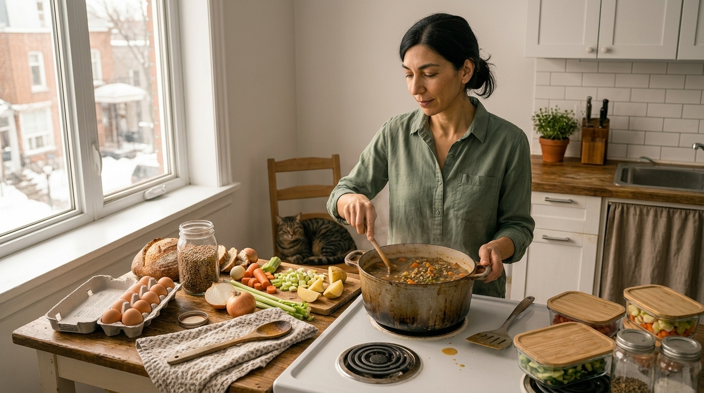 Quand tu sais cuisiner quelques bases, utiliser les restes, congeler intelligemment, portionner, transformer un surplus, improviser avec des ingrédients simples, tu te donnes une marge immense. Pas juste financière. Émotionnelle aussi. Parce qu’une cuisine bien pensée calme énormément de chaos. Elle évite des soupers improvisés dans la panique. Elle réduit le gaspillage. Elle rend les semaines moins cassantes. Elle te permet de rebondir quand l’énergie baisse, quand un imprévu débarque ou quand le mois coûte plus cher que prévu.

---

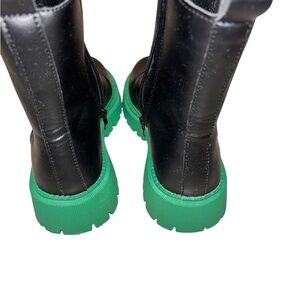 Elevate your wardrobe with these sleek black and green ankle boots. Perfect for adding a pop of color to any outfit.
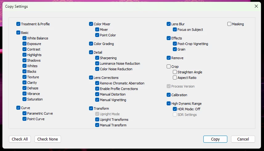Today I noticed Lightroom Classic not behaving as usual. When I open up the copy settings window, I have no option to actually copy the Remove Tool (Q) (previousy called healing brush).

● **What the exercise asks**
In the data above, find the line with "Elevate your wardrobe" and the line with "Today I noticed". Please copy exactly those two lines and every line between them, but not the pictures.

● **Task answer**
 Elevate your wardrobe with these sleek black and green ankle boots. Perfect for adding a pop of color to any outfit.
Today I noticed Lightroom Classic not behaving as usual. When I open up the copy settings window, I have no option to actually copy the Remove Tool (Q) (previousy called healing brush).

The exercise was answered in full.